Eduardo Sanchez, M.D., M.P.H., Chief Medical Officer for Prevention and Chief of the Center for Health Metrics and Evaluation, American Heart Association
Lots of folks need an Rx for the heart.
A study in today’s Journal of the American Heart Association examined long-term heart health in nearly 3,500 middle-age to older adults in the Framingham Offspring Study, part of a long-running project to monitor heart disease risk factors. Heart health was based on the AHA’s Life’s Simple 7 (LS7) metrics – smoking status, eating pattern, physical activity levels, body mass index, blood pressure, cholesterol level, and glucose level.
The study provides two important insights:
- People who maintained high cardiovascular health (CVH) during the study period (1991-2008) experienced less cardiovascular disease and death due to any cause compared to those who started with high and moved to low CVH, started at low and moved to high CVH, or started at low and stayed at low CVH.
Notably, people with low CVH at the beginning with improvement to high CVD at the end had almost twice the odds of having underlying disease, compared to those who maintained high scores throughout. This suggests that it’s important to achieve ideal or at least high CVH as early as possible and to maintain it throughout adulthood. Still, whatever your stage in life, it’s possible to make changes that can have a positive effect.
- The number of people with ideal CVH – defined as not having heart disease and maintaining optimal levels of the LS7 metrics (achieved without drug treatment) – declined over time. This was mostly due to a shrinking percentage of people with a healthy weight and healthy levels of blood pressure, blood sugar and cholesterol.
This is not surprising. Data from the National Health and Nutrition Examination Survey indicate virtually a zero prevalence of ideal CVH and low numbers of people with 6 or more optimal levels of LS7 metrics (declining from 10.3 percent among adolescents ages 12-19 to 0.5 percent among adults ages 60 and older).
Promoting healthy lifestyles through public health practices and policies
The study authors point out that although achieving and preserving good cardiovascular health requires individual effort, we must consider the effect of public health policies. Put another way, taking responsibility for one’s own health is critical. So is learning that complex, interrelated aspects of our physical, social and policy environments can influence health.
Public health practices and policies that change systems and environments support individual efforts to make healthy lifestyle choices. Community-based efforts can help transform the environments where behavior occurs to make healthier choices easier – more accessible, affordable, and attractive – for everyone. For example, well-maintained sidewalks, bike lanes and parks support physically active lifestyles, while healthier food options in corner stores, vending machines and other public places promote better eating habits.
Improving the cardiovascular health of all Americans by 20 percent by 2020 is an integral part of the AHA’s 2020 impact goal. While Life’s Simple 7 helps individuals identify where they stand personally, the association has also advocated for and pursued population-based policy, systems and environmental change to foster and facilitate a culture of cardiovascular health. Examples include our efforts to reduce smoking and exposure to second hand smoke; work in school settings to assure healthier food and more physical activity; creation of a tool to assess workplace cardiovascular health and wellness policies, programs and practices; and refinement of a policy approach, through the Voices for Healthy Kids initiative, to achieve a culture of health for all children.

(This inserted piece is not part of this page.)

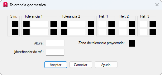 Muestra el símbolo de características geométricas, que puede seleccionar en el cuadro de diálogo Símbolo. Este cuadro de diálogo aparece al seleccionar uno de los cuadros Sím.
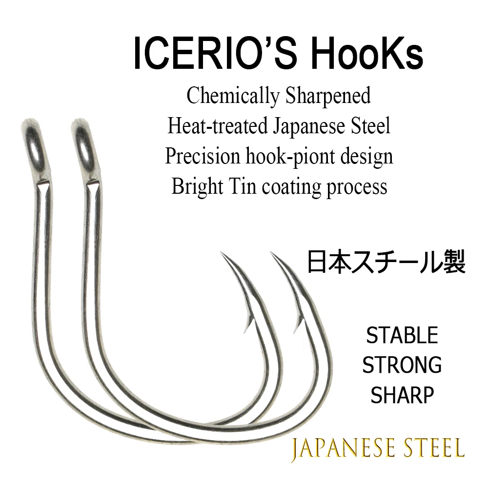 ICERIO 10/20 piezas de acero de alto carbono de estaño brillante, anzuelo de asistencia de Jigging lento, anzuelo anticorrosión para pesca en agua salada Pike JS-3

Despite these efforts and many other advances in prevention and treatment that have resulted in declines in CVD deaths over the past several decades, heart disease is still the leading and stroke the fifth leading cause of death in the U.S.
For all Americans
The AHA’s 2020 impact goal intentionally states that it is for “all Americans,” alluding to the importance of health equity – where everyone deserves to live the healthiest life possible. Addressing the clinical factors (the right doctor, the right diagnosis, and the right medicine) and the behavioral factors (smoking status, eating habits, and physical activity levels) that contribute to living the healthiest possible life is vital, but not sufficient. This is because some of the influences that help or hinder one’s ability to live the healthiest life possible are socioeconomic factors.
Also known as social determinants of health, these factors include educational attainment, income, race/ethnicity, and the availability and affordability of safe housing and food. For example, CVH correlates positively with higher educational attainment and income, and food insecurity and housing insecurity correlate with poor health. Health status, educational attainment and income all vary by race and ethnicity. The association has invested time and resources to become a stronger change agent to eliminate disparities in educational attainment and in access to health insurance and medical care.
The new JAHA study makes the case that early and sustained high CVH is most cardio-protective, and alludes to the importance of complementing individual efforts to attain high CVH with supportive policies in school, workplace and community environments. It will take multi-level, multi-sector and multi-disciplinary approaches to achieve and maintain high CVH and for all to live a long, healthy life. After all, Life is Why.